など、シーンとシーンの間の、何気ない、他の監督だったらそのままスルーしそうなカットにも、ちょっとした工夫が凝らされていることが分かります。
T1とT2の似たシーン
特に3番は、T1でのT-800がサラコナー宅に到着時、おもちゃのトラックを踏みつぶすシーンと共通しています。

残念ながら、「ターミネーター・ニューフェイト」はティム・ミラー監督ということで、こうしたジェームズ・キャメロンならではの演出は「ゼロ」で、単調にシーンが続いていくだけでした。

T-1000の魅力満載

このペスカデロ警察(州立)病院のシーンの魅力は、何よりも液体金属ターミネーターT-1000の魅力(機能)が満載、という点です。上述の「鉄格子を透過させる」以外にも、例えば、

  • 床や警備員への擬態
  • 指刺し
  • 手の自由変化(エレベーターのこじ開けや手刀)

などT-1000の変幻自在ぶりを堪能することができます。

ツートーンの床

そのT-1000のインパクトを増長させているのが、演出のちょっとした工夫です。前述の「キャメロン・ブルー」や音楽もT-1000の冷徹な金属感を増幅させていますが、床に擬態するシーンだけ、床面をわざと白黒のツートーンに変更している、という点も見過ごせません。
T-1000ターミネーターの床
ふつう病院では落とした物や汚れなどがわかりやすいように、単色の床にしています。実際、この病院でも白黒ツートーンの床になっているのは、T-1000が床に擬態した場所のみです。

この箇所だけ、床を白黒のツートーンにすることで、床から沸き起こってくるT-1000の液体金属の動きがより分かりやすく堪能できる、という効果がこの床の仕様には含まれています。

T-1000の「美しさ」を語るシルバーマン博士

この病院のシーンを語る、T-1000の存在感に圧倒されるシルバーマン博士が「ターミネーター・サラ・コナー・クロニクルズ」に登場します。

Then the other one came.
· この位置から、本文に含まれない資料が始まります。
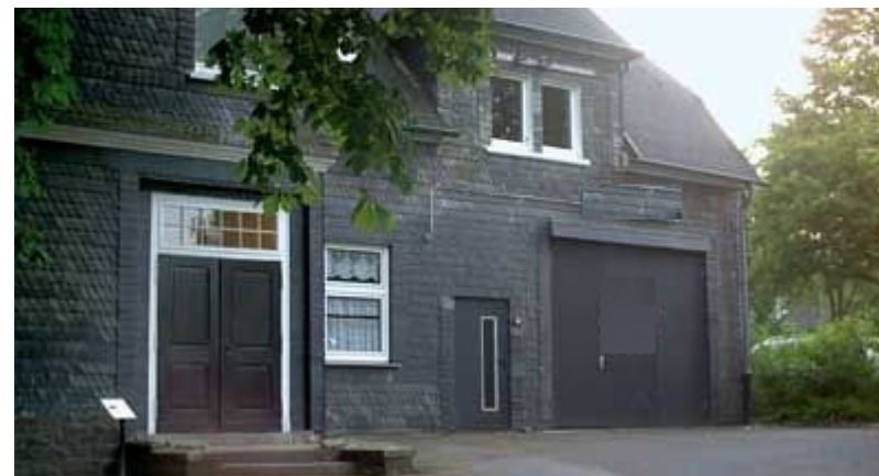
Alte Schule heute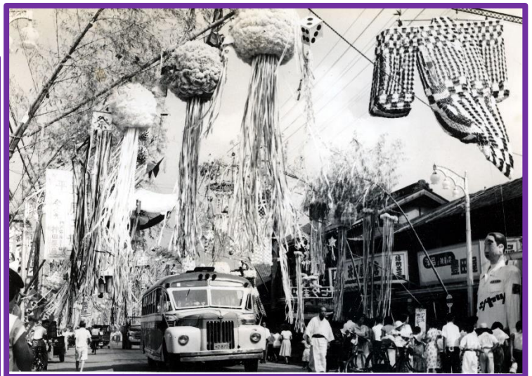
昭和30年頃 神田薬局 所沢銀座通り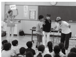
認知症サポーター養成講座の様子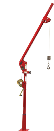
Ensign 500 Series 5PA5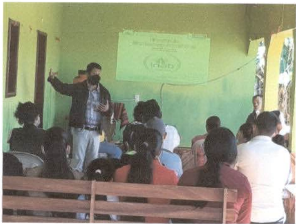
Fotografías de los talleres y/o capacitaciones impartidas: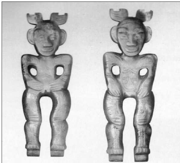
殷墟妇好墓出土玉人

上陨星精，下入渊谷为玉英。”这就把玉英美食的来源从大地上的昆仑山转换到天上去了。唐·王湾《奉使登终南山》诗：“玉英时共饭，芝草为余拾。”这是诗人借幻想把天上的珍稀食物放到了自己的饭桌上。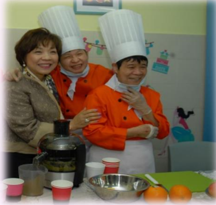
水墨畫及手工藝製作示範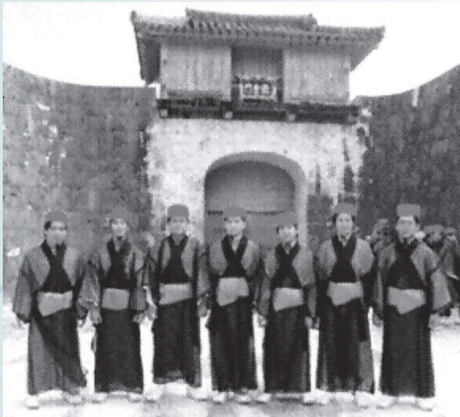
Возможно, так выглядели средневековые пэйтины Окинавы

Вследствие своего уникального географического положения Окинава представляла лакомый кусок для сильных соседних держав, но правители Окинавы более тяготели к Китаю, так как признание вассальной зависимости от китайской династии Мин обеспечило Окинаве режим наибольшего благоприятствования в торговле, и в средние века Окинава имела более 40 торговых представительств в соседних странах, в том числе в Китае, Японии, Корее, Вьетнаме, Малайзии, Индонезии, Лаосе, Бирме и др. Вообще, XIV-XV вв. называют «золотым веком торговли на Окинаве». Так, в 1404 г. на Окинаве открывается торговое представительство Сиам (Тайланд), в 1425 г. в Сиаме открывается торговое представительство Рюкю, в 1428 г. начинаются торговые отношения между Рюкю и Суматрой, в 1430 г. возникают торговые отношения между Рюкю и Явой, в 1431 г. Рюкю устанавливает дипломатические и торговые отношения с Кореей. Развитие торговых отношений также способствовало тому, что на Рюкю стекались гонимые политическими преследованиями беженцы из соседних стран.

They were diffent.
The second one was almost beautiful, like perfect, like a changeling. The face of mercury.

そこへもう一人現れた。全然違うやつだ。
2人目の男は美しかった。完璧といっていい。神の申し子のように神々しい顔をしていた。
→詳細:シルバーマン博士の山小屋

ターミネーターという映画においては、敵方は強いだけではダメで、「美しさ」があるかどうか?が成功の1つの鍵と言えそうです。

リンダ・ハミルトンの耳

最後に、この病院のエレベーター内の銃撃シーンの撮影で、リンダ・ハミルトンが耳栓をし忘れて難聴になった、という映画サイトでさえもネタにするくらい有名な撮影こぼれ話があります。

先日も映画「RUST」撮影時の銃の事故現場と背景でも触れましたが、映画での銃がらみの撮影では、大なり小なり、様々な事故が起こり続けています。

リンダ・ハミルトンは、自分の耳だけでなく、自分の息子や双子の姉(ターミネーター出演者の故人を悼む)もT2に駆り出しており、まさにT2はリンダ・ハミルトンの全身全霊を打ち込んだ作品と言えるでしょう。